Farbe dient hier als Material, das im Bild zur geformten und nuancierten Bestandteil wird. Das Bildmaterial, die Farbe, hat die unterschiedlichsten Eigenschaften: dünnflüssig und transparent, sandig und stumpf, zähflüssig und glänzend. Im „Großen roten Bild“ werden die Farben mit dem Charakter des Mineralischen und Ursprünglichen identifiziert, d. h. die Farbe wird auf einen ihrer Ursprünge zurückgeführt, radikalisiert. Durch diese Identifikation wird die Richtung der Assoziationen des Betrachters vorgegeben. Andererseits widerspricht das Bild durch Offenlegung des Arbeitsprozesses diesen Assoziationen, denn es zeigt, dass es sich um Farbe in und auf einem Bild handelt.

Farbe wird hier nicht mehr benutzt, um die Erscheinung eines Gegenstandes zu bezeichnen. Die Rückführung der Farbe auf ihre mineralische Beschaffenheit macht deutlich, dass Farbe letztlich auch Materie ist. So beinhaltet das „Große rote Bild“ nichts Wiedererkennbares in dem Sinn, dass es die Formen der Natur wiedergibt. Es ist radikaler: Es stellt die Eigenschaften der ursprünglichen, mineralischen Farbe dar und stellt Bezüge zu physikalischen Prozessen in der Farbe her.

Die Explikation der objektiven Merkmale des Bildes und ihre spezifische Zusammenfügung im Bild, die Bearbeitung der Farbe durch den Künstler und der Nachvollzug des erkennbaren Arbeitsprozesses, machen deutlich, dass im Bild die Farbe zur „Darstellung“ gebracht wird.

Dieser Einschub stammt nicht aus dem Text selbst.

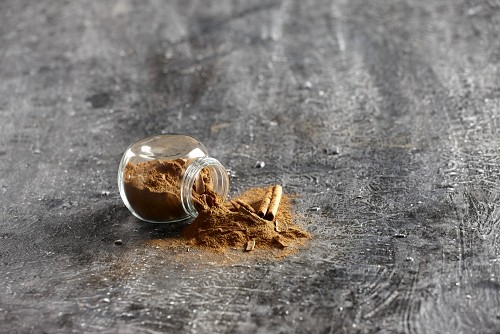 Flipped glass herbs jar full of cinnamon powder with cracked cinnamon sticks on a textured black background
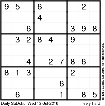 The Daily SuDoku: Wed 13-Jul-2016
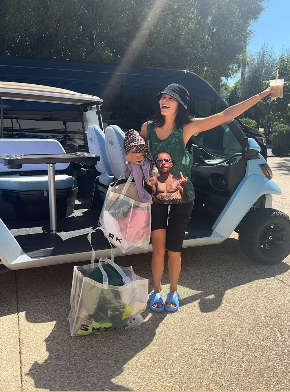 Για την πρώτη της μέρα στο φεστιβάλ, η Jenner εμφανίστηκε με ένα πράσινο tank top που είχε τυπωμένο το πρόσωπο του Justin Bieber, δημιουργώντας αμέσως viral συζήτηση στα social media, καθώς ο Bieber αποτελούσε τον βασικό performer του φεστιβάλ για φέτος. Το σύνολο ολοκληρώθηκε με μαύρο κολάν, bucket hat και γαλάζιες παντόφλες, κάνοντας το look αρκετά απλό και πολύ άνετο για την περίσταση.

Der Akt des Malens zeigt rationale Kontrolle und Emotionalität. Die Farbe wird in gewalttätiger oder sensibler Weise bearbeitet durch den Willen des Künstlers und durch den von ihm gelenkten Zufall, sie findet ihre Form durch ihre „Eigentätigkeit“.

Diese Behandlung der Farbe durch den Künstler weist sie als „autonom“ aus, Farbe steht hier nur für sich selbst, sie wird nicht mehr in illusionistischer Weise benutzt. Dies gilt ebenso für den Malgestus: Befreit von der vorher gewussten Gestalt, die es auszuführen galt, wird auch er autonom.

Man kann dies auch anders fassen, dann zeigt diese Behandlung der Farbe eine Verabsolutierung des Materials. Hinzukommt die Verabsolutierung des „Machens“, also des künstlerischen Prozesses. Schumachers „Großes rotes Bild“ hat zwei Brennpunkte: die autonome Farbe und das in ihr stattfindende autonome künstlerische Handeln.

Die explizierte Struktur des „Großen roten Bildes“ zeigt seine Bedeutung: Bedeutung erhält das Bild einmal durch die Auffassung von Farbe und zum anderen durch die Autonomie des Werkprozesses. Die Radikalisierung der Farbe auf Materie ermöglicht das Entstehen verschiedener Anmutungsqualitäten im Betrachter. Dieses Bild ist durch sein „Oszillieren“ zwischen Bedeutungsmöglichkeiten und ihrer Aufhebung, durch seine Ambiguität und Vielfalt auf den verschiedenen Ebenen offen für die Imagination des Betrachters.